IBM Systems helps IT leaders think differently about their infrastructure. IBM servers and storage are no longer inanimate - they can understand, reason, and learn so our clients can innovate while avoiding IT issues. Our systems power the world’s most important industries and our clients are the architects of the future. Join us to help build our leading-edge technology portfolio designed for cognitive business and optimized for cloud computing.
- Provide technical leadership in the design, development, and maintenance of scalable build systems and deployment pipelines for AI/ML components, setting standards for quality, reliability, and performance.

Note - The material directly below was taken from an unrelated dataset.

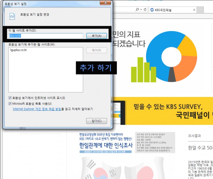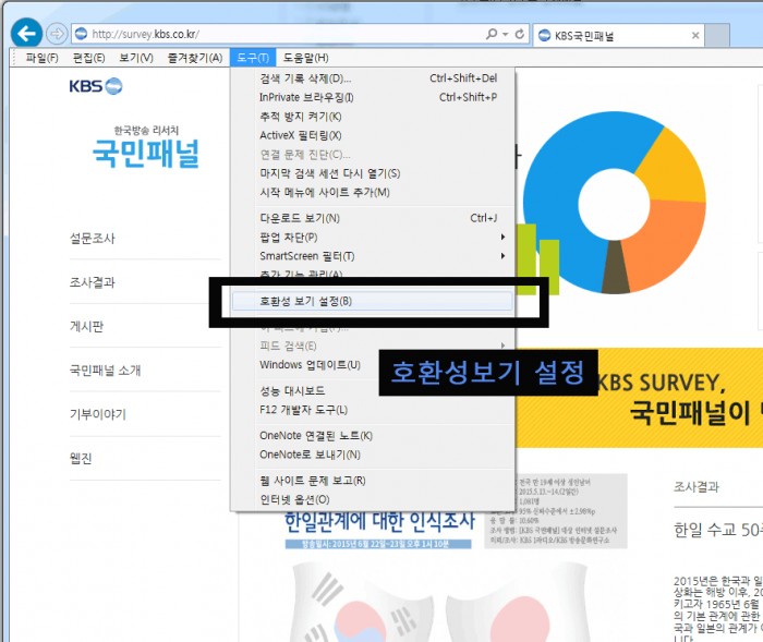 안녕하세요. 국민패널 운영자 입니다. 인터넷 사용중에 게시물 작성이 안되는 경우 또는 글쓰는 창이나 콤보박스 선택이 안되는 경우에는 IE (인터넷익스플로러) 11과 호환성 보기를 통해 문제를 해결할 수 있습니다. 아래의 방법에 따라 호환성 보기에 kbs.co.kr 을 등록해 주시기 바랍니다. 1. 인터넷 익스플로어에서 도구 -> 호환성 보기 설정 클릭

- Mentor and guide a team of engineers, promoting best practices in C++, Python, CI/CD, and infrastructure automation.
- Design and implement robust build automation systems that support large, distributed AI/C++/Python codebases.
- Develop tools and scripts to enable developers and researchers to rapidly iterate, test, and deploy across diverse environments.
- Integrate C++ components with Python-based AI workflows, ensuring compatibility, performance, and maintainability.
- Lead the creation of portable, reproducible development environments, ensuring parity between development and production systems.
- Maintain and extend CI/CD pipelines for Linux and z/OS, applying best practices in automated testing, artifact management, and release validation.
- Collaborate with cross-functional teams — including AI researchers, system architects, and mainframe engineers — to align infrastructure with strategic and technical goals.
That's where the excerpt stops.